- Born: January 23, 1969 (age 57) Sheffield, England, UK
- Occupation: Photojournalist
- Spouse: Camilla Wøldike ​(m. 2012)​
- Website: patrickbrownphoto.com

= Patrick Brown (photographer) =

Australian photojournalist and photographer (born 1969)

Patrick Brown (born January 23, 1969) is an Australian photo journalist and photographer.

== Biography ==

Patrick Brown was born in Sheffield, England, and spent his childhood in the Middle East and Africa before his family settled in Perth, Western Australia.

He is the author of Trading to Extinction (2014), a book documenting illegal animal trade in Asia, which was also the basis for a documentary produced by Vice Media.

In 2019, he published No Place on Earth, which details the experiences of survivors of the 2017 persecution of the Rohingya population in Myanmar.

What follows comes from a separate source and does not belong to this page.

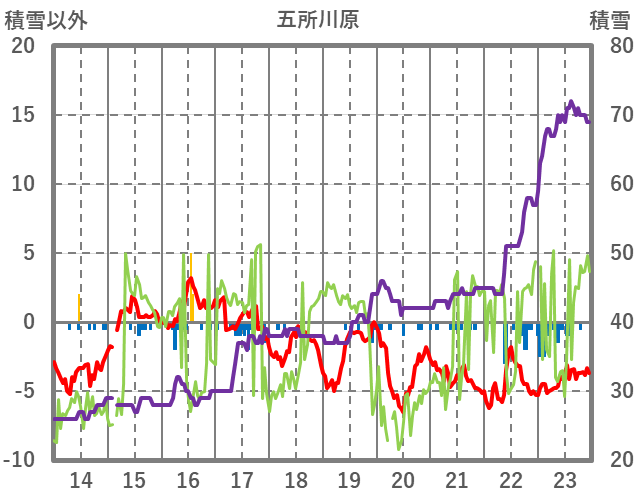 | 日 | 時 | 気温 | 降水 | 風向/風速 | 日照 | 積雪 | 降雪 |
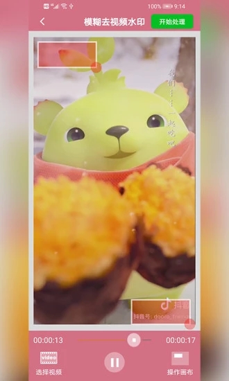 3、选中水印部分之后,点击底端的“处理”按钮,水印就会被直接去除掉了,这时候点击右上角按钮保存即可。

Brown has contributed to Rolling Stone, The New Yorker, TIME, Newsweek, Vanity Fair, National Geographic, and Mother Jones. In addition to his editorial work, he has collaborated with organizations including UNICEF, UNHCR, Fortify Rights, and Human Rights Watch.

Brown's photography has been exhibited internationally, including at the Centre of Photography in New York, the Metropolitan Museum of Photography in Tokyo, and Visa pour l’Image in France. His work is also held in various private collections.

== Awards ==
Brown's project on the illegal trade of endangered animals received a World Press Photo Award in 2004, and a multimedia award from Pictures of the Year International (POYi) in 2008. Trading to Extinction was also recognised by the American magazine Photo as one of the ten best photo documentary books of 2014.

In 2018, Brown was awarded a World Press Photo award in the category "General News, Singles" for his documentation of Rohingya refugees in Bangladesh. The awarded photograph showed the bodies of Rohingya refugees who drowned after the boat they were using to flee Myanmar capsized. The work was commissioned by Panos Pictures for UNICEF.

In 2019, Brown received the FotoEvidence Book Award. He also received an Emmy Award for his work on the Alex Gibney HBO film The Forever Prisoner, which won Outstanding Investigative Documentary.